Speaking to the drinks business Wally’s Wine CEO Michael Jessen, Bordeaux Index’s US director Joe Marchant and Hart Davis Hart’s Marc Smoler all took the line that prices for the 2014s must be relative to quality and that lower was better than higher – which smacks slightly of wanting to eat your cake and have it.

“I would expect that for a 2014 futures campaign to really generate excitement prices would have to come down more rather than less,” said Smoler.

“Unless people really end up viewing 2014 as an exceptional vintage on the level of 2000, 2009 or 2010 which does not seem to be the case”.

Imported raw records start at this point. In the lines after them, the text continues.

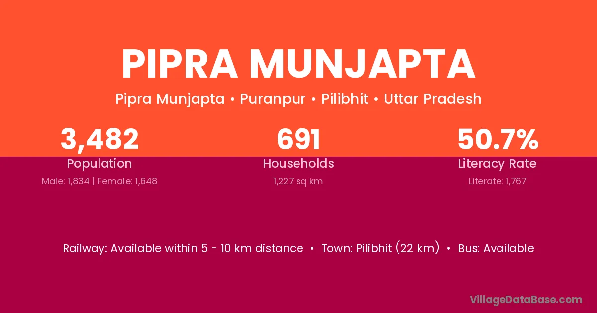 Pilibhit (22 km) is the nearest town to Pipra Munjapta village for major economic activities and is located approximately 22 km away.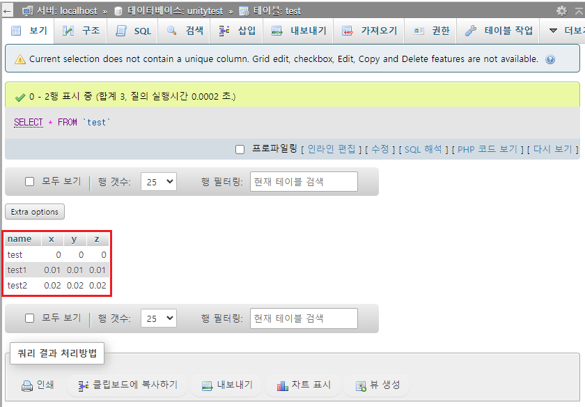 씬을 시작해서 버튼을 눌러봅니다. phpmyadmin 창에서 값이 저장되는지를 확인합니다. 저장될 값을 바꿔가면서 값들이 저장되는지도 확인해봅니다.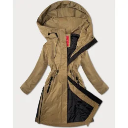 Tmavě béžová jednoduchá dámská bunda s kapucí LHD (LHD-24592)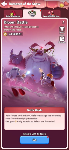 To add an element of strategic collection, any unclaimed items left at the end of the event are converted into a substantial reward: 1,000 secured resource supply chests. These chests can provide valuable resources to help advance your progress. Whether you choose to exchange the rose bouquet for social benefits or save it for gifting, this event offers a delightful way to enjoy the season's festivities and foster connections with fellow players.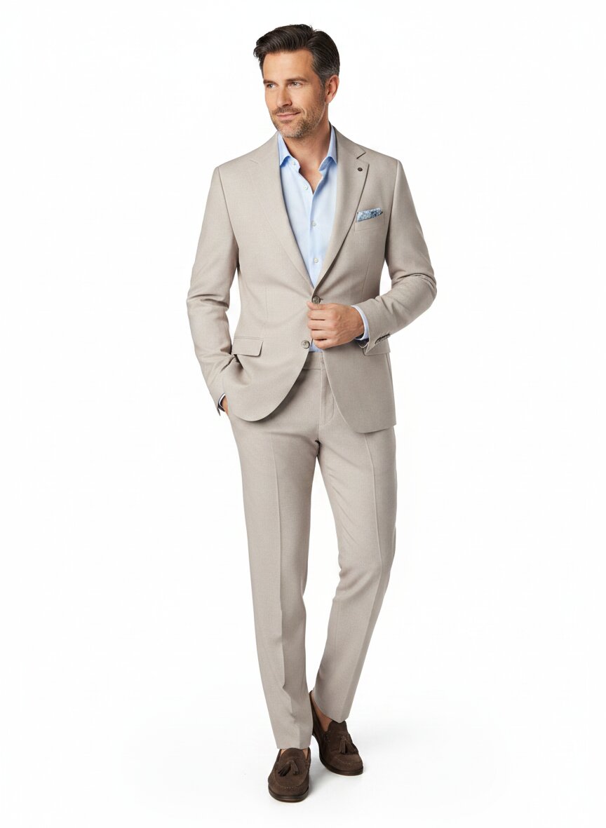 Ein beige meliertes Dessin verleiht diesem zweiteiligen Anzug subtile Struktur und zeitgemäße Leichtigkeit. Das Jersey-Gewebe aus 80 % Polyester, 12 % Viskose und 8 % Elasthan schmiegt sich an den Körper an und folgt jeder Bewegung – ohne die klassische Anzug-Silhouette zu verlieren. Sakko und Hose funktionieren als eigenständige Bausteine: Das Sakko mit Brusttasche und herausziehbarem Taschenfutter-Detail sowie seitlich paspelierten Pattentaschen wirkt genauso souverän zum Business-Termin wie zur urbanen Freizeit-Kombination. Die Hose besticht durch ihren elastischen Seitenbund, Bügelfalte und den flexiblen Tunnelzug – Komfort ohne Kompromisse. ZUITABLE aus Düsseldorf hat sich seit 2002 auf diese Synthese spezialisiert: klassische Schnitte in elastischen Stoffen, die Bewegungsfreiheit mit gepflegter Optik verbinden – ideal für Männer, die nicht zwischen Stil und Alltagstauglichkeit wählen möchten.Unser Tipp: Kombinieren Sie den Anzug mit einer weißen Leinenhemd und Sneakern für einen modernen Smart-Casual-Look, oder ergänzen Sie ihn mit der passenden Weste (Produktnummer 460457) für den klassischen Dreiteiler.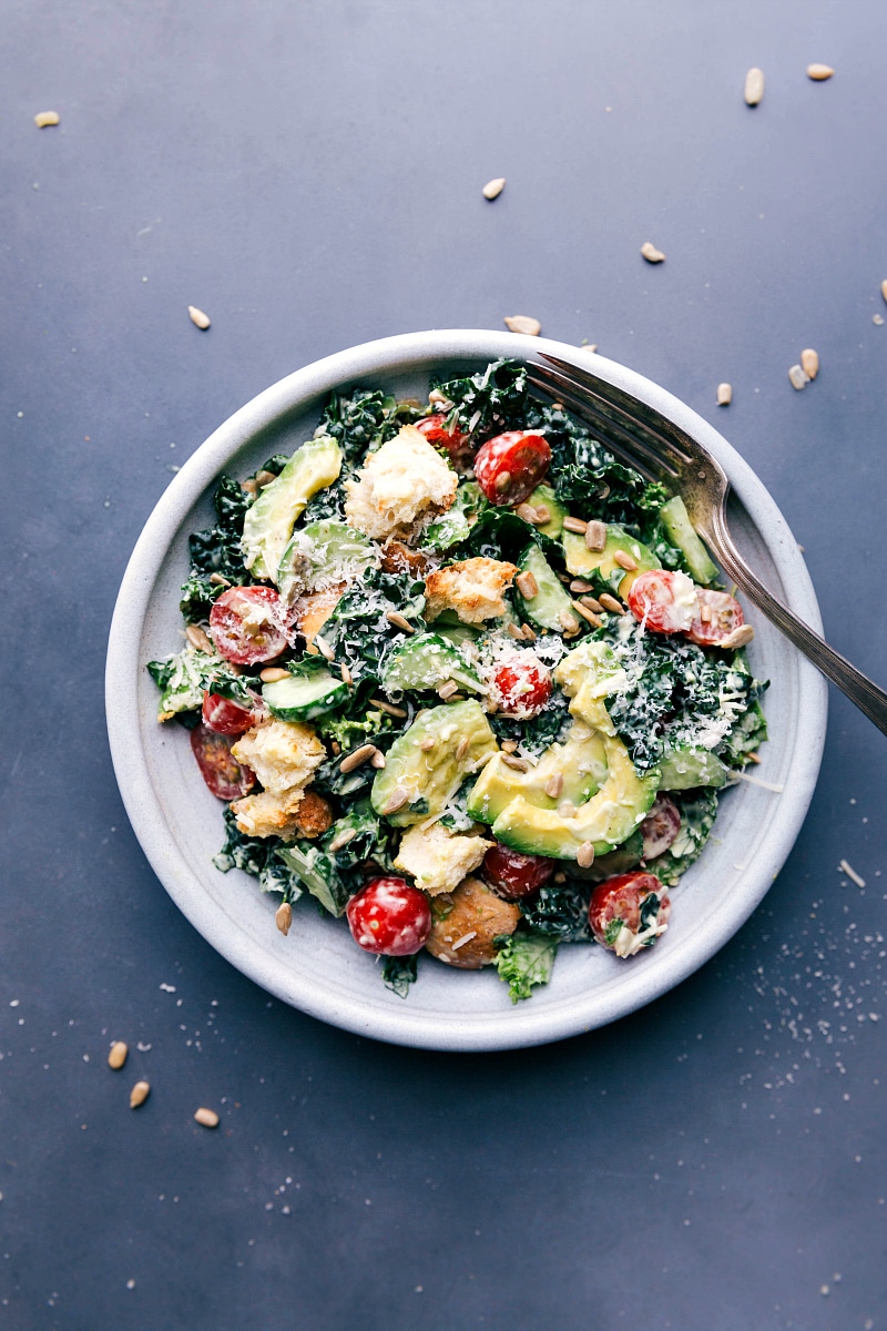 repollo Palta ensalada Está lleno de un sabor increíble y texturas increíbles. La col rizada fresca está cubierta con pepinos crujientes, tomates jugosos, rodajas de aguacate cremoso, semillas de girasol tostadas, picatostes crujientes y queso parmesano picante. Esta ensalada se mezcla con un aderezo de aguacate y limón.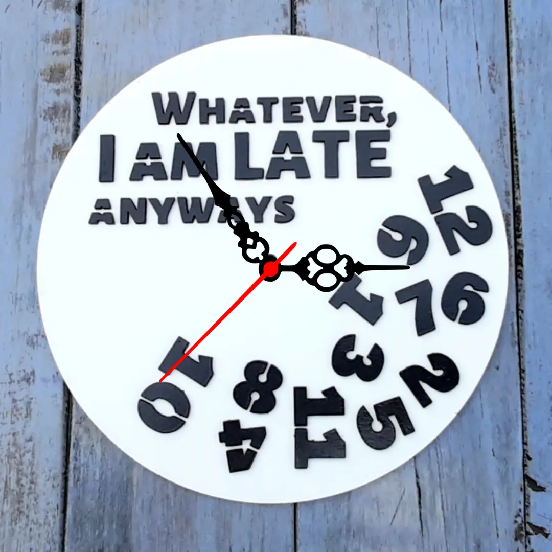 “I Am Late” Laser-Cut Theme Clock (White): Unique 30cm Diameter Timepiece with Easy Mounting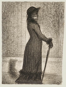 Georges Seurat’s drawing; Woman Strolling was mysterious as a woman stands in a silhouetted profile. The sketch looked grainy. I was curious about the woman’s features, so I got closer thinking that I would see more detail, but instead I only saw black dots. When Seurat, also a post-Impressionist, painted he used his own technique of making tiny dots to form his figures known as pointillism, but when he sketched he used textured paper to give a similar effect. I stood back to look at the drawing as a whole and I realized Seurat’s authentic style and brilliance in achieving it. I was pulled to all of his pieces because he used dots to create a recognizable image.

Far from the picture of US buyers being the Western equivalent of Chinese billionaires, Jessen added: “Ultimately demand for purchasing en primeur is dictated by the quality of the vintage and pricing. In the minds of many US buyers, pricing has generally gone beyond justifying paying up front for wines that will not be bottled for a couple of years.

“The same price sensitive likely exists in the US as in the UK, particularly in the age of the internet and the amount of pricing information available globally. Buyers have much more power and are willing and able to seek out the best prices worldwide.

“US buyers’ interest in en primeur buying has waned as the Bordelais have adopted a more aggressive pricing strategy. As mentioned, interest in purchasing en primeur ultimately is dictated by the quality of the vintage and pricing. Once the value proposition is able to return to a norm that buyers are satisfied with there will be more en primeur activity.”

Marchant concluded: “Going forward I expect demand for en primeur to be underwhelming save for unlikely bargains like 2008. Private clients for the most part, like to take physical delivery and both trade and private clients are very unlikely to accept the price risk implied in buying en primeur after the last few vintages.

“Plenty of folk here had fingers burnt in ’09, ’10 and ’11 and it will take a very large gesture from Bordeaux to get past this.”

The call from merchants in recent campaigns has been for a “compelling reason to buy” en primeur and the US market is and will be little different.

The US cavalry may very well ride back into the fray next year even if lured more on the promise of cheap booze than any nobler cause but, perhaps, better that than a replay of Custer’s last stand, which is likely to be the result if prices creep up again.